Os perigos da ironia
Foi quando assisti, por acaso, na televisão, ao filme Dogville que passei a prestar atenção ao trabalho do cineasta Lars von Triers. Foi ele, juntamente com Thomas Vinterberg, o fundador do movimento Dogma 95 que preconiza 10 regras para fazer filmes, entre elas a de não serem usados cenários.
Dogville é um filme que impressiona. Estrelado por Nicole Kidman e Paul Bettany, dele não se pode dizer que não tenha cenários. Na verdade Triers faz uso de cenários extremamente simples, bastando-se dizer que o filme foi inteirinho rodado dentro de um galpão localizado na Suécia. Dogville é uma pequena cidade que em realidade não sai do chão porque a delimitação entre as casas é feita por marcas no próprio chão, praticamente inexistindo cenários. Nesse ambiente, a um só tempo restrito e infinito, vive a população da cidade, destacando-se a falsa moral que dita as regras dos relacionamentos. Tudo isso é conduzido pela voz de um narrador onisciente que, num mundo propositalmente ficcional, conduz a trama de modo a revelar o perfil e comportamento dos cidadãos. Filme de atores, filme de diretor, aberto a interpretações, rico em referências – o teatro de Bertold Brecht é uma delas – chama atenção por suas inovações na arte de filmar e pela excelência das interpretações do elenco. O final é um ajuste de contas contra o falso moralismo e os descalabros cometidos pelas pessoas em nome da vida em sociedade.
Pois é esse Von Tries que acaba de ser expulso do Festival de Cannes. Desta vez a postura de rebelde do diretor de cinema não deu certo de vez que ele logrou atravessar a linha imaginária que delimita o chamado bom-senso: durante entrevista de lançamento de seu novo filme, von Triers afirmou identificar-se com Hitler e o nazismo fato que provocou justa revolta entre os jornalistas presentes à coletiva. Ato continuo houve a expulsão, seguida da proibição ao diretor de aproximar-se a distância inferior a 100 metros da sede do Festival.

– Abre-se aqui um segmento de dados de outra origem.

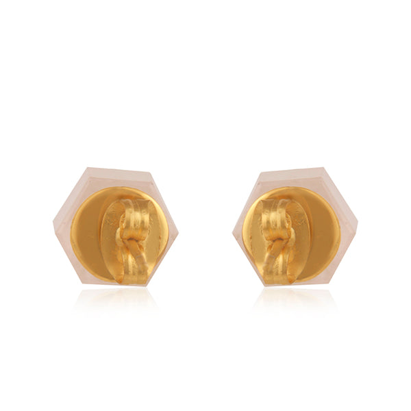 Caravanas de latón, bañadas en oro amarillo con cuarzo rosa hexagonal y cierre a presión. Largo aprox.: 8 mm. Ancho aprox.: 8 mm. Hecho a mano. Latón: aleación de cobre y zinc

Não deixam de ser interessantes as declarações de von Triers após ter sido expulso. Afirmando que se referiu ao nazismo por pura ironia – a inconfessável tentação de causar sensação e escândalo – reconheceu o diretor seu erro ao falar nos termos em que usou no momento em que se dirigia à imprensa mundial. Declarando que fizera uso da linguagem comum em contato com amigos von Tries deu-se conta de seu grande erro, indesculpável e sem remédio.
Do que se extrai alguma coisa sobre a metodologia dos irônicos e o perigo das ironias. Pano de fundo de participações pessoais infelizes é o descaso pela dimensão do meio onde se atua. Lars von Triers, aclamado diretor, deu uma tremenda bola fora ao se referir ao nazismo, ainda que ironicamente. Tipo da piada em hora e lugar errados, ato realizado para chamar a atenção com consequências bastante previsíveis.